Representatives from the Leard Forest Alliance and Greenpeace interrupted the company’s tree-clearing activities for a third day running yesterday as calls for the state government to intervene grew louder.
Last week The Leader reported Whitehaven Coal, which is constructing a $767 million open-cut coalmine at Maules Creek, had received approval from the Department of Planning and Environment to log during winter.
Environmentalists argue the decision will see the slaughter of many of the forest’s fauna, such as bats and owls, that hibernate during the colder months and are less likely to be able to flee the bulldozers.
Yesterday, to prevent Whitehaven Coal conducting its clearing, protester Papatya Danis, 24, commenced a tree sit and later two protesters locked themselves onto machinery. They were joined by more activists throughout the day.
Maules Creek resident Ros Druce, of the Leard Forest Alliance, said: “We are here because of a comprehensive failure across government to uphold any standard of environmental protection in Leard State Forest.
“Over 150 people have been arrested trying to stop this terrible mine in the last four months because the rules have been bent to breaking point for Whitehaven Coal and we’re fed up with it.”
Meanwhile, the Baird government is losing patience with Whitehaven Coal and Idemitsu Australia Resources over delays in submitting environment plans for the forest, even as extensive tree clearing continues.
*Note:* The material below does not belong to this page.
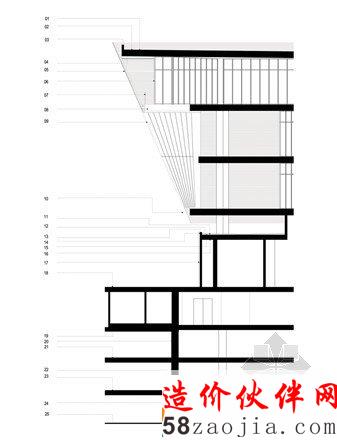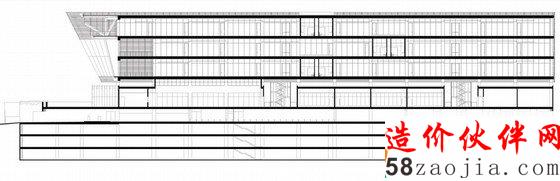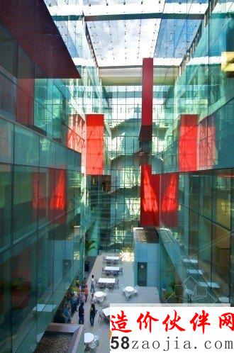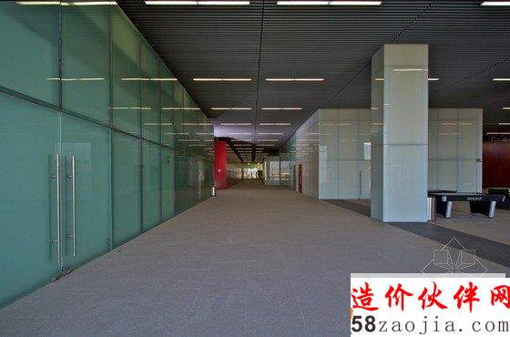 第二项挑战是关于公司的运营,这座建筑每天要接待大约2000个客户,同时要遵守银行内部严格的安全制度。所以将所有办公空间都置于二层以上的体块中,地下室是能够停放800辆车的停车场,他们中间的部分是一层开放的对外服务区,满足了对外办理各种业务的需要。这一开放空间有助于引导人流,迅速的分散到各个清晰便捷的窗口。

Earlier this year the two companies were granted an extension on a deadline to submit a regional biodiversity strategy for the forest, much of which will be destroyed by the open-cut mines.
NSW Environment Minister Rob Stokes has told Fairfax Media he is “concerned” about the delays in the companies lodging the submission.
“This strategy is required to ensure that sufficient offsets are provided to address unavoidable impacts,” he said.
“It is a reasonable community expectation that consent approvals, including timeframes, will be fully complied with by consent holders.”
A Whitehaven Coal spokesman said any suggestion the company was dragging its feet was “simplistic”, adding it was critical that all stakeholders were satisfied the final document “reflects the original intent”.